DESCRIPTION OF THE TASK: Exact reproduction is required for the lines below starting at the line with "1月12日至14日,第三届全" and ending at the line with "廣東永燦手袋是一家集設計、訂", both included. No other lines, and no pictures.

INPUT DATA:
---

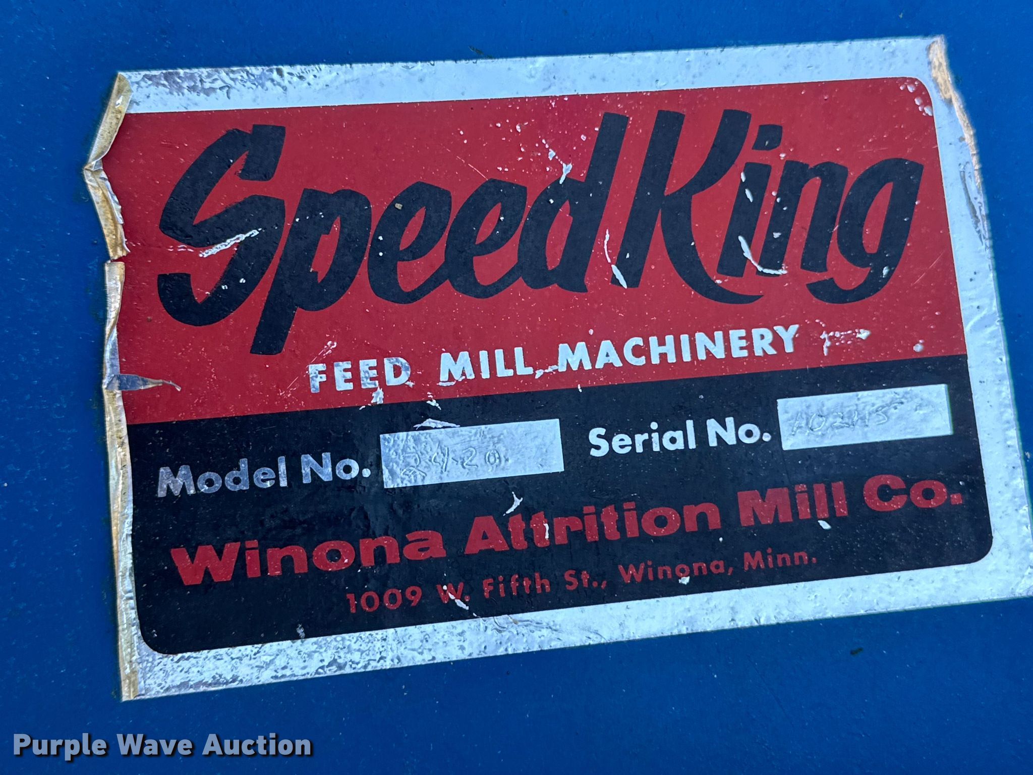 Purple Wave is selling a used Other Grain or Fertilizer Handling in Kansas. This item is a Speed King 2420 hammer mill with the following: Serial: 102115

---

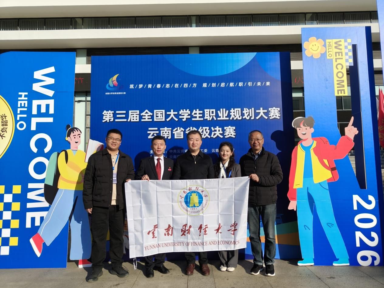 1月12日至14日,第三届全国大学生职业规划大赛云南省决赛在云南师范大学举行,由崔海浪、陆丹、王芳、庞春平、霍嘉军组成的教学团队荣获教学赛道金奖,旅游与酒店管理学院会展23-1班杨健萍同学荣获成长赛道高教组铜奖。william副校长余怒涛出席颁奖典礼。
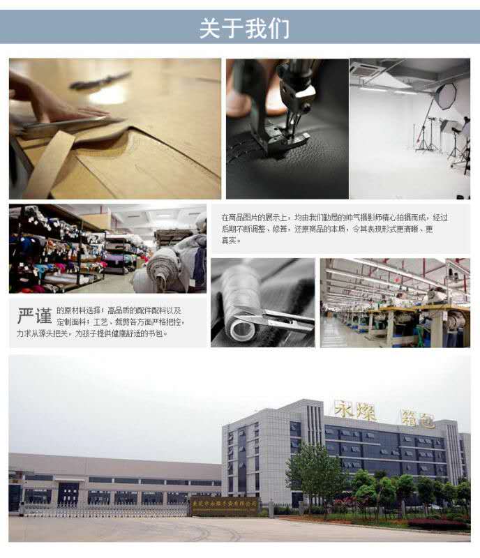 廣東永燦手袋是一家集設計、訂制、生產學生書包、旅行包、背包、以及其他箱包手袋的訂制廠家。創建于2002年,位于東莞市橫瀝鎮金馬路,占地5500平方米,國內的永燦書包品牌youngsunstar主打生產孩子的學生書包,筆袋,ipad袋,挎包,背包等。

---

FINISHED EXERCISE:
 1月12日至14日,第三届全国大学生职业规划大赛云南省决赛在云南师范大学举行,由崔海浪、陆丹、王芳、庞春平、霍嘉军组成的教学团队荣获教学赛道金奖,旅游与酒店管理学院会展23-1班杨健萍同学荣获成长赛道高教组铜奖。william副校长余怒涛出席颁奖典礼。
 廣東永燦手袋是一家集設計、訂制、生產學生書包、旅行包、背包、以及其他箱包手袋的訂制廠家。創建于2002年,位于東莞市橫瀝鎮金馬路,占地5500平方米,國內的永燦書包品牌youngsunstar主打生產孩子的學生書包,筆袋,ipad袋,挎包,背包等。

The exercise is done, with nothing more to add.